The questions their lawsuit raised: Does it violate the U.S, Constitution’s Fourteenth Amendment guarantee of legal equality for government to restrict topless public appearances by women but not by men? Does that differing legal treatment also violate the Maryland State Constitution’s Article 46, which bans the denial of legal equality “because of sex.”
It is important to note that such differences in treatment need not meet the most rigorous standard under the Fourteenth Amendment, but it must do so under Maryland’s Article 46. Treating the sexes differently under the national Constitution can be justified if that serves an important government policy and if the method used is substantially related to that policy. By contrast, Maryland’s test demands that such differences serve a compelling government interest and must be narrowly tailored to do so and must be the least restrictive way to carry it out. (To the lay reader, the highlighted words may not seem to be much different, but in the courts the difference can be profound. That is why, among other reasons, women’s advocates want an Equal Rights Amendment added to the U.S. Constitution, which would be enforced using the stricter test that Maryland imposes.)

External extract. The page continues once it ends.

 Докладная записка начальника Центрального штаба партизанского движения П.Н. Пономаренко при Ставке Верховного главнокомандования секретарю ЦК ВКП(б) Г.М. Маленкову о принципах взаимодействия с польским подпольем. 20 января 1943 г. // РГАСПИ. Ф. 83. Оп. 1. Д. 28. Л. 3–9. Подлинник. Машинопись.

The five women did not testify themselves in court, but their case was presented by an Indiana public health professor, who said that “public sensibilities” are changing across the nation, and naked female breasts are not the issue that they once were, especially when women went to the beach in long-sleeved, ankle-length dresses.
In two rulings – in December 2018 and April 2020 — Chief U.S. District Judge James K. Bredar of Baltimore upheld the 2017 Ocean City ordinance against both challenges. He said he was not persuaded by the expert witness for the women, because she had not analyzed what “public sensibilities” are in Ocean City specifically.

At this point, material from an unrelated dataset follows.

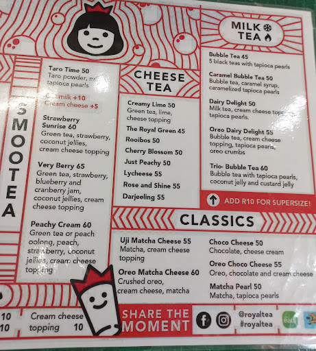 Royal Tea bubble tea shop sells refreshing cold tea with a difference, new to Cape Town as I have had it in Taiwan many years ago. Flavors and ingredient selection caters for all. This tea shop is situated in Cavendish Square, inside The Egg store, a trendy business that sells various companies products, with clothing and health products and trendy food stores. I tried a large matcha tea with bubbles and it was good. I would recommend honey in it. I took the large size as I wanted the reusable cup that came with it, so cool. So much to drink. The strawberry and pine bubble tea was also refreshing. Loved loved loved the service. Those guys working their are friendly and happy to assist if you struggling to decide what to order. Next time I'm trying Taro. Had it before at another store,...

What guided Judge Bredar’s rulings? In the main, he said he was bound by a decision in 1991 by the U.S. Court of Appeals for the Fourth Circuit; that is the appeals court that reviews cases from Maryland and other Atlantic Coast states. That 1991 ruling upheld a U.S. Fish and Wildlife Service rule banning in all national wildlife areas the same kind of ban on female toplessness. Applying the more tolerant standard of the Fourteenth Amendment, the appeals court found no violation. Judge Bredar said he could see no difference between that rule and the Ocean City ban.
Judge Bredar also noted that rulings have been made in state and federal courts across the country with the same outcome. And he noted, without discussing it at length, that the U.S. Supreme Court had refused to hear an appeal by three New Hampshire women challenging a similar topless ban in Laconia, N.H. (Supreme Court records show that the Justices turned aside that appeal, without comment, on January 13 of last year. It did so after examining the case at only a single private conference; that is unusual for a case in which the Justices have any significant interest.)
The appeal by the New Hampshire women failed even they though told the Supreme Court that there is now a split in lower federal and state courts, with one federal appeals court striking down a similar ordinance in Fort Collins, Colo.
The next step for the Ocean City challenge: After losing in Judge Bredar’s court, the five women challengers took their case to the Court of Appeals for the Fourth Circuit. It held a hearing before three judges last Wednesday. A key issue: will it abandon its 1991 ruling on the same question? That may well depend upon how it analyzes where the nation’s sensibilities are now, how gender equality law has changed in recent years, and how it feels about the variety of other court rulings that have favored bans like Ocean City’s. Its ruling is not likely to emerge for a few months. Whether this will set up the next case for the Supreme Court can’t be known at this point. (The Fort Collins case with a ruling contrary to other courts’ decisions was not appealed to the Supreme Court, after that city repealed its ordinance.)